**What needs to be done:** Each line below from the one containing "2. คลิกขวาที่ Folder" through the one containing "4、右手邊的hands是玩家" should be output exactly as it stands, and no other line should appear.

**Entries shown:**
=======

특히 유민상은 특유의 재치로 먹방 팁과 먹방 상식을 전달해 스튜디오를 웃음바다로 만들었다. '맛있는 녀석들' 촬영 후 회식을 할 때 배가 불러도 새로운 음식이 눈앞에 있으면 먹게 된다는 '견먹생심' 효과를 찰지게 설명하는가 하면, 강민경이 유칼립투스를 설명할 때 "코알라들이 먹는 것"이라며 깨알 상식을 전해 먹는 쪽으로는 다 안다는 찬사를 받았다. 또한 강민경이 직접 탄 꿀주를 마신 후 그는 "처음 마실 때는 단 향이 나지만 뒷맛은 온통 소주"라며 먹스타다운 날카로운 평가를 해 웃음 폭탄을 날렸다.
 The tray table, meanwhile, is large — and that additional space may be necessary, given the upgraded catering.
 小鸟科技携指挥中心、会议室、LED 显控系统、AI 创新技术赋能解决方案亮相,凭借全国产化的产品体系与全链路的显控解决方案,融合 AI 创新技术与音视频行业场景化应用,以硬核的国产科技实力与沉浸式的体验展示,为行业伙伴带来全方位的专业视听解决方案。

=======

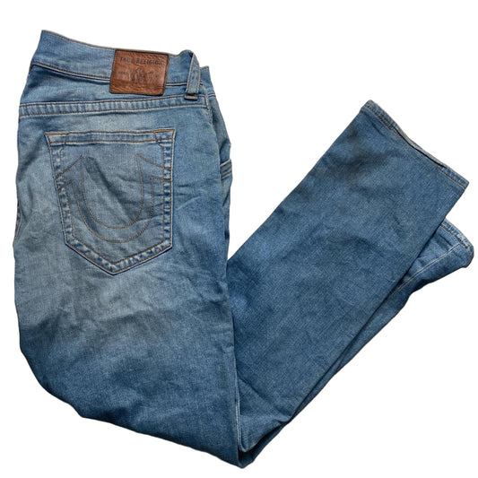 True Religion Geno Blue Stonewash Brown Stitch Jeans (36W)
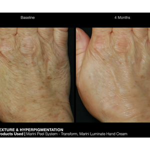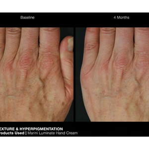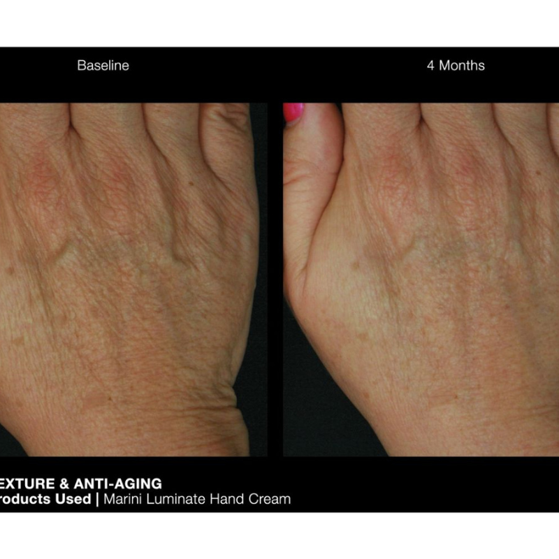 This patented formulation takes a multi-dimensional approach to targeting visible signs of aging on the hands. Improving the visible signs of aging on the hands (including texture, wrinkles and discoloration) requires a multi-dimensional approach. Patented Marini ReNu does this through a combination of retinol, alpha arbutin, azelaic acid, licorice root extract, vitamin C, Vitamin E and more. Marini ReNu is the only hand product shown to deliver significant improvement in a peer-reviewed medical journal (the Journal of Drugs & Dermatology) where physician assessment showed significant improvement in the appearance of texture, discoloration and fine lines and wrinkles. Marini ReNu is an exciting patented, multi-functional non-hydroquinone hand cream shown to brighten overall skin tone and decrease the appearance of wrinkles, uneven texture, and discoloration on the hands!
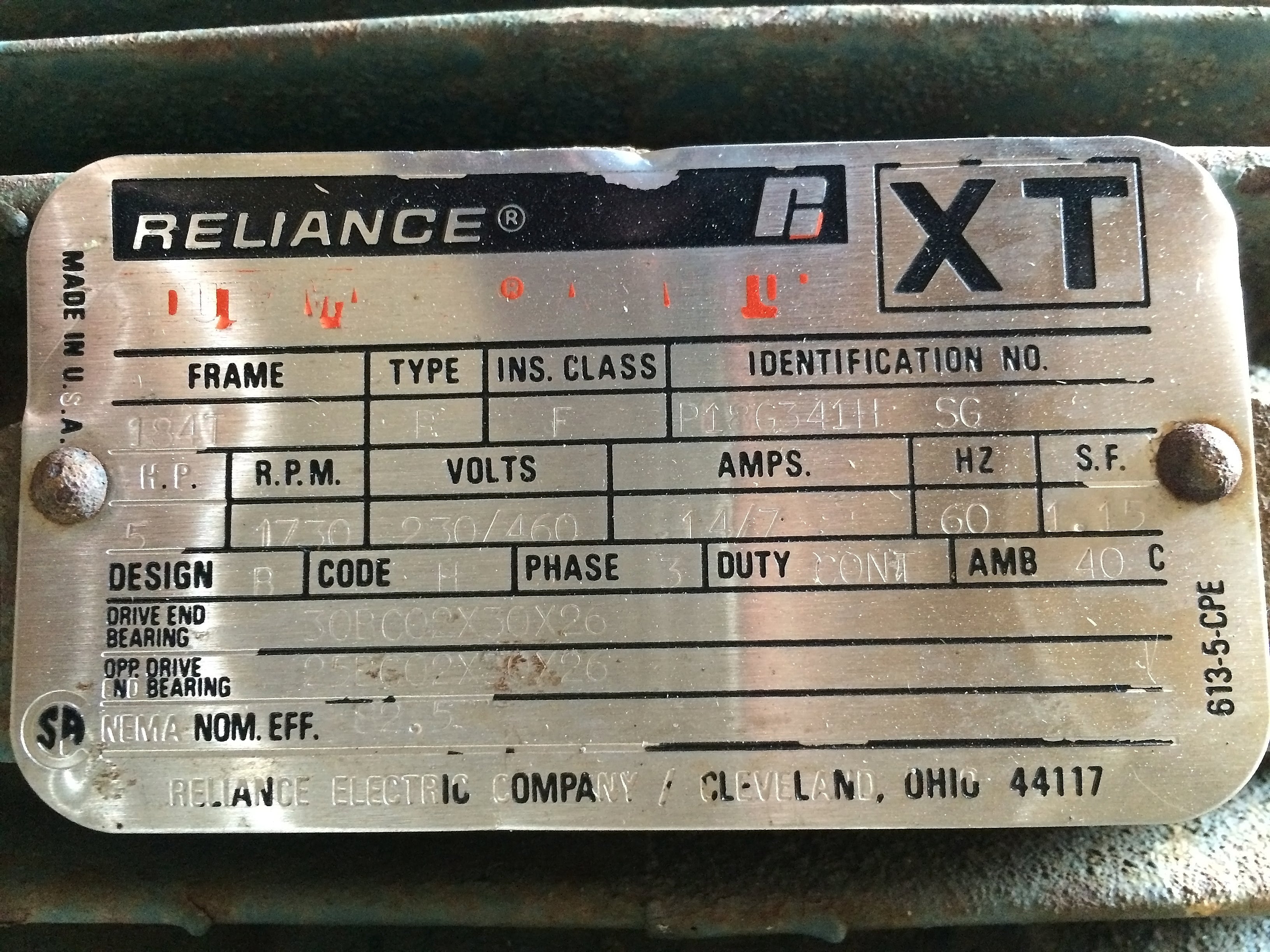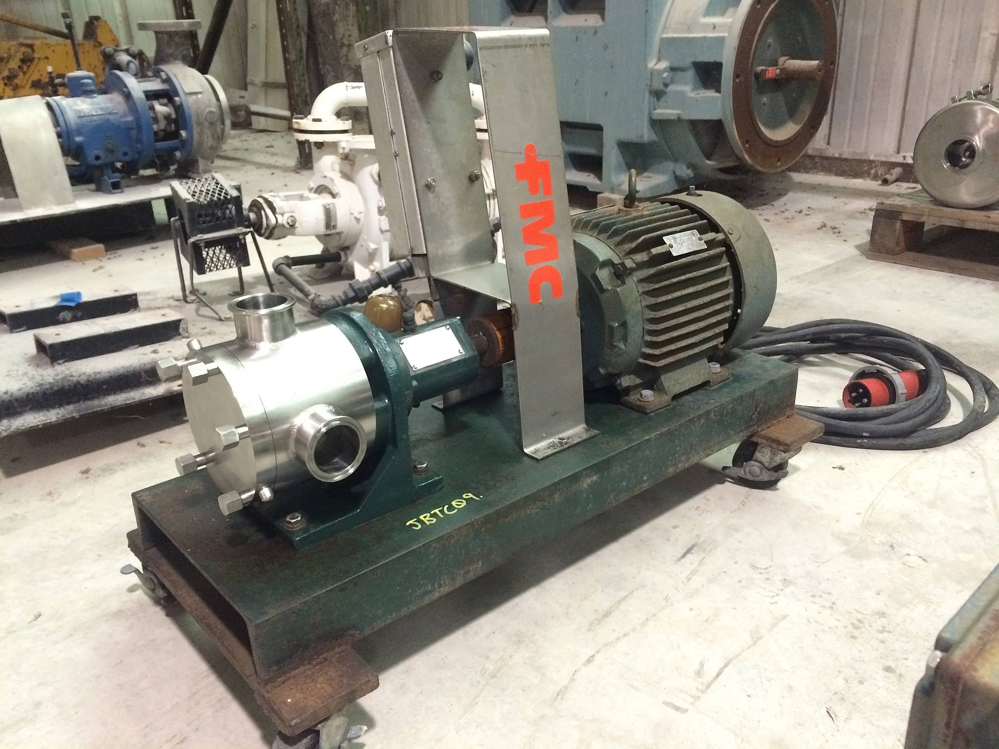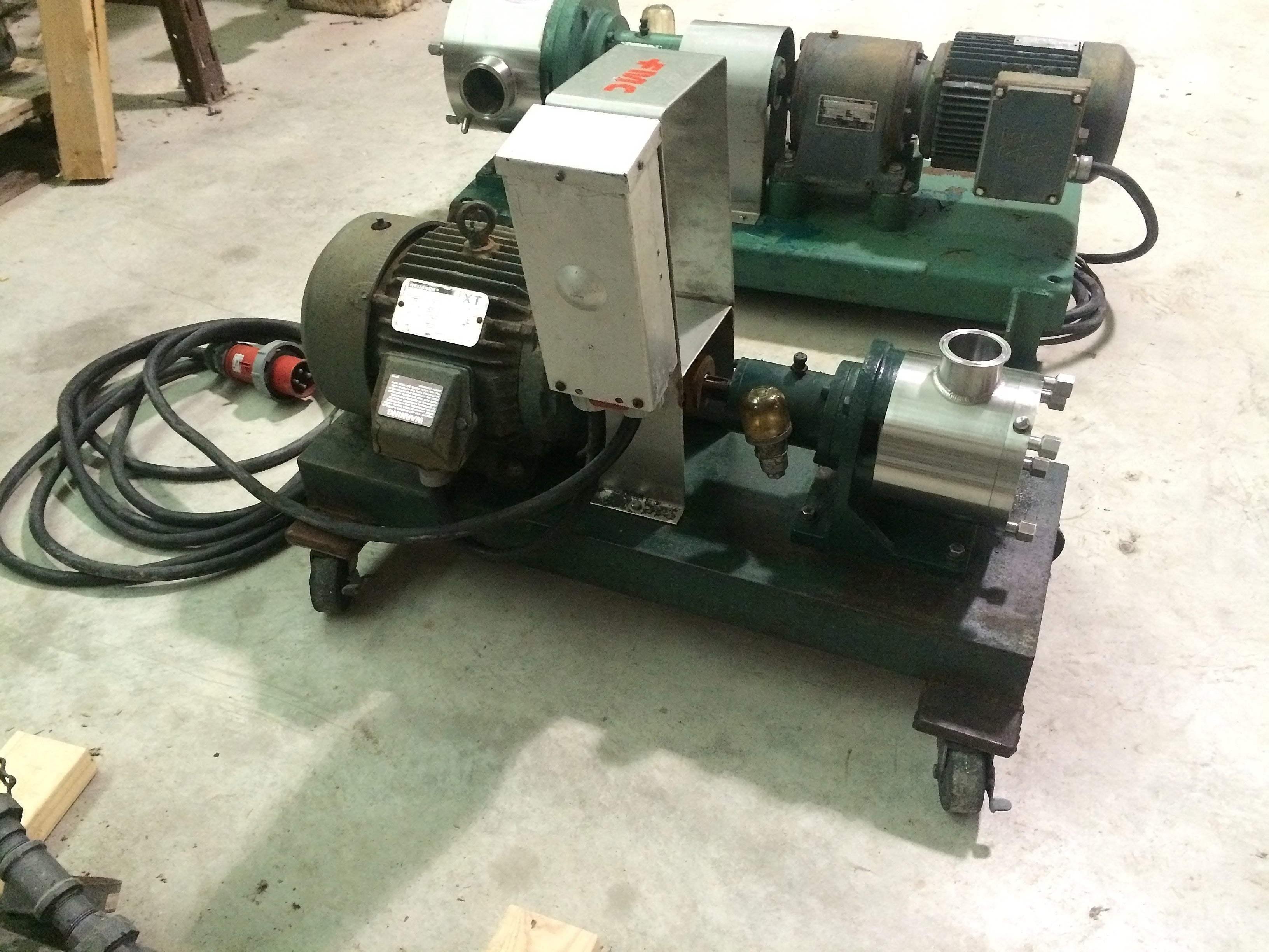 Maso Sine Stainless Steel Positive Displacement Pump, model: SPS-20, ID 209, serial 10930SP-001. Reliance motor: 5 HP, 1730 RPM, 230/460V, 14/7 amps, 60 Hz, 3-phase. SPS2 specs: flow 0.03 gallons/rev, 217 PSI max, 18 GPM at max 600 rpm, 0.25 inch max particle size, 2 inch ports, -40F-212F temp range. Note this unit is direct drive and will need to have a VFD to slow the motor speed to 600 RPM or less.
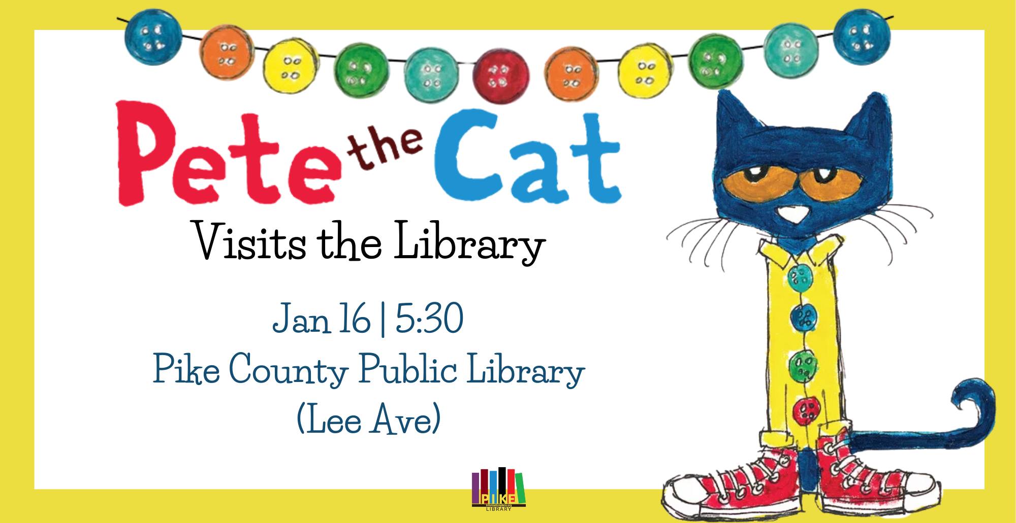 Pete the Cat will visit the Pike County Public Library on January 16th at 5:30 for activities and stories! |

=======

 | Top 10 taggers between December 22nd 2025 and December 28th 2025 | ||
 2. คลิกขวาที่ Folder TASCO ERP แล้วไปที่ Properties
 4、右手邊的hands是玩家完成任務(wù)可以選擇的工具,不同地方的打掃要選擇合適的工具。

=======

**Solution to this problem:**
 2. คลิกขวาที่ Folder TASCO ERP แล้วไปที่ Properties
 4、右手邊的hands是玩家完成任務(wù)可以選擇的工具,不同地方的打掃要選擇合適的工具。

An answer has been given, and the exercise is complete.